It's a Breakthrough killer with tenacious adhesion and better open time. Command is not designed to compete w Scuff X, Advance, or Cabinet Coat. All 3 products have a time & place. Advance & Cabinet Coat are similar because they're housed under two different brands within the Ben Moore family. Expect all Benjamin Moore coatings to tint with Gennex in the next year or so. Command is simply the one-coating-fits-all for facility maintenance (handrails, doors, floor stripes, etc). Could you use it on cabinets? Sure, but I'd stick with spraying it. Not so sure it will have that Distinctness of Image that Advance has.


----------



## vwbowman (May 15, 2017)

*Take COMMAND, one paint to rule them all!*










Touted as the one paint for just about everything!


----------



## cocomonkeynuts (Apr 14, 2017)

vwbowman said:


> Touted as the one paint for just about everything!



your image is broken


----------



## Zoomer (Dec 17, 2011)

Should we wait for Command or should we consider other waterbornes
Target coatings EM6500
KemAqua
Sayerlack
General finishes
Renner
Lenmar duralaq
Aqualiente
Milasei
Just to name a few.
We are really considering EM6500 with their cross linker.
Any opinions?


----------



## Zoomer (Dec 17, 2011)

SWPB said:


> It's a Breakthrough killer with tenacious adhesion and better open time. Command is not designed to compete w Scuff X, Advance, or Cabinet Coat. All 3 products have a time & place. Advance & Cabinet Coat are similar because they're housed under two different brands within the Ben Moore family. Expect all Benjamin Moore coatings to tint with Gennex in the next year or so. Command is simply the one-coating-fits-all for facility maintenance (handrails, doors, floor stripes, etc). Could you use it on cabinets? Sure, but I'd stick with spraying it. Not so sure it will have that Distinctness of Image that Advance has.
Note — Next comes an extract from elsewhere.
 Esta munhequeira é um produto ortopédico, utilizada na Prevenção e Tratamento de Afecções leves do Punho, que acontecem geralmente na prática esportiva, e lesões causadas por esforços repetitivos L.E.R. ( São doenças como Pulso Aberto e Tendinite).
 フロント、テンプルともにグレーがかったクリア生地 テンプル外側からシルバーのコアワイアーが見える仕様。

 Tenacious adhesion. Hmmm🤔
Sounds like it's a Coronado product. Rustscat and Waterborne acrylic alkyd are two of their products that have tenacious adhesion


----------



## stoyania (Mar 10, 2020)

cocomonkeynuts said:


> It's a urethane acrylic. Interior exterior floors DTM cabinets trim. Will hold up to hand oils just fine. Designed for spray application but supposed to be able to roll in small amounts. Tint on GenneX colorants.
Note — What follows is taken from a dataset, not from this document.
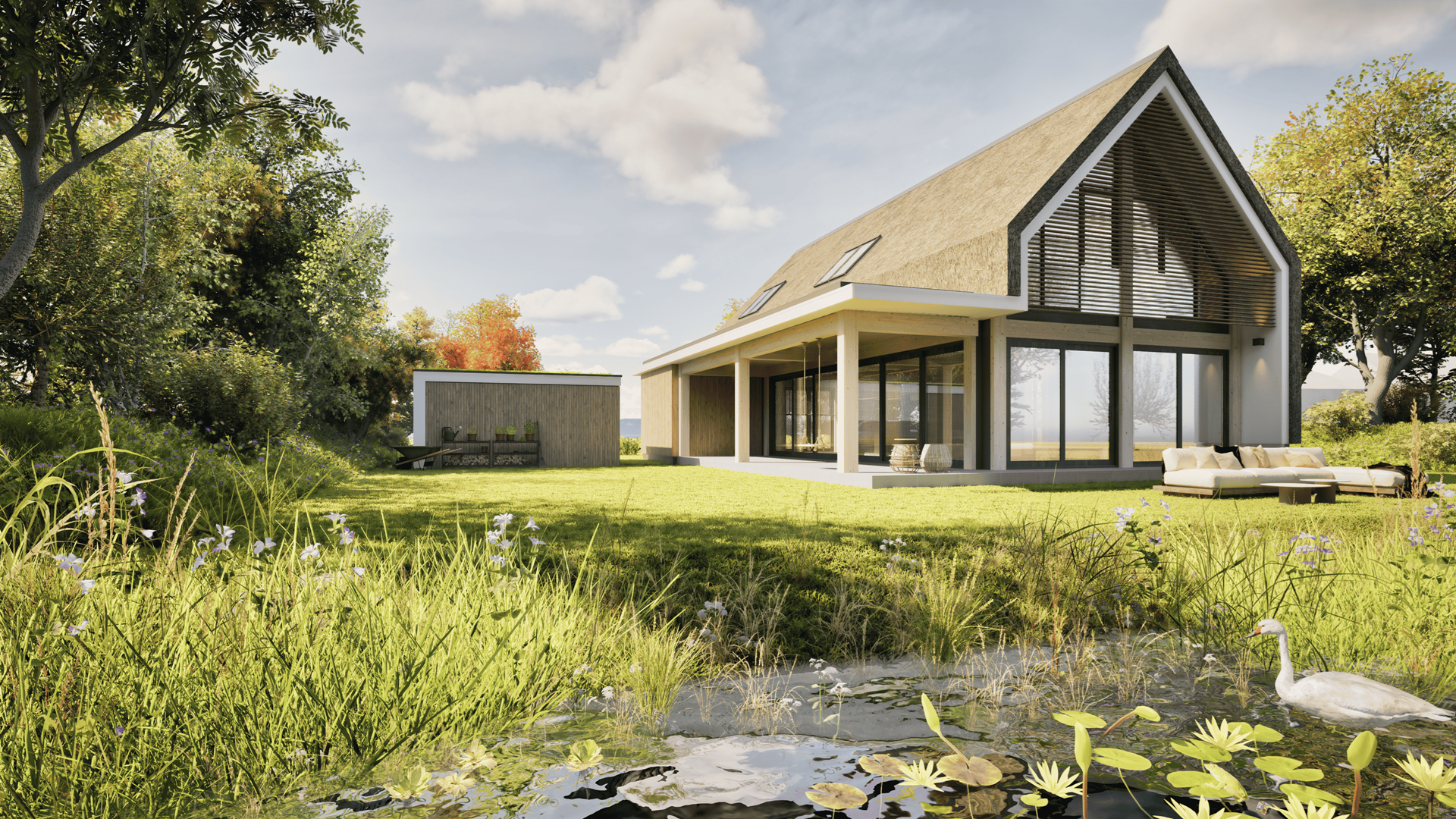 Elke kavel biedt volop ruimte voor een royale woning en een fraai aangelegde tuin. De situering van de kavels zorgt voor prachtige vergezichten over water en weilanden. De toegangsweg, parkeerplaatsen en groene zones worden als mandelig eigendom ingericht, wat betekent dat onderhoud gezamenlijk wordt verzorgd. Achter de kavels komt een zonnepark voor duurzame energieopwekking, eveneens in gezamenlijk eigendom. Per woning worden er tien zonnepanelen geplaatst om in de energiebehoefte te voorzien.

it is almost april...any update on the availability of this new paint?


----------



## cocomonkeynuts (Apr 14, 2017)

stoyania said:


> it is almost april...any update on the availability of this new paint?



No news other than it is in some testing markets currently.


----------



## SWPB (Oct 6, 2016)

Can't do a test market with the current travel / COVID-19 restrictions. Q4 sounds more like it.


----------



## finishesbykevyn (Apr 14, 2010)

Zoomer said:


> Should we wait for Command or should we consider other waterbornes
> Target coatings EM6500
> KemAqua
> Sayerlack
> ...


Most of of these are interior and spray only if I'm not mistaking. Also alot are designed for new application, AKA total film build of 5mils max..But I'm assuming you have cabinets on you mind..


----------



## stoyania (Mar 10, 2020)

SWPB said:


> It's a Breakthrough killer with tenacious adhesion and better open time. Command is not designed to compete w Scuff X, Advance, or Cabinet Coat. All 3 products have a time & place. Advance & Cabinet Coat are similar because they're housed under two different brands within the Ben Moore family. Expect all Benjamin Moore coatings to tint with Gennex in the next year or so. Command is simply the one-coating-fits-all for facility maintenance (handrails, doors, floor stripes, etc). Could you use it on cabinets? Sure, but I'd stick with spraying it. Not so sure it will have that Distinctness of Image that Advance has.



my project is repainting wood/oak doors, window frames, staircase railings and base moldings. 


unfortunately don't think i can wait for Command much longer. what would be my best available semi-gloss durable paint option?


----------



## finishesbykevyn (Apr 14, 2010)

stoyania said:


> my project is repainting wood/oak doors, window frames, staircase railings and base moldings.
> 
> 
> unfortunately don't think i can wait for Command much longer. what would be my best available semi-gloss durable paint option?


I'd go Cabinet Coat or Advance. Prime with BIN first.


----------



## cocomonkeynuts (Apr 14, 2017)

Command release is delayed due to covid.


----------



## stoyania (Mar 10, 2020)

finishesbykevyn said:


> I'd go Cabinet Coat or Advance. Prime with BIN first.



yes, i was definitely planning on using BIN primer first


thanks for the advice! just curious, what is your view on Scuff-X vs Advance?


----------



## Zoomer (Dec 17, 2011)

stoyania said:


> finishesbykevyn said:
> 
> 
> > I'd go Cabinet Coat or Advance. Prime with BIN first.
> ...


Or you could consider Coronado acrylic waterborne alkyd. It's fast drying and can recoat the same day.


----------



## finishesbykevyn (Apr 14, 2010)

Zoomer said:


> Or you could consider Coronado acrylic waterborne alkyd. It's fast drying and can recoat the same day.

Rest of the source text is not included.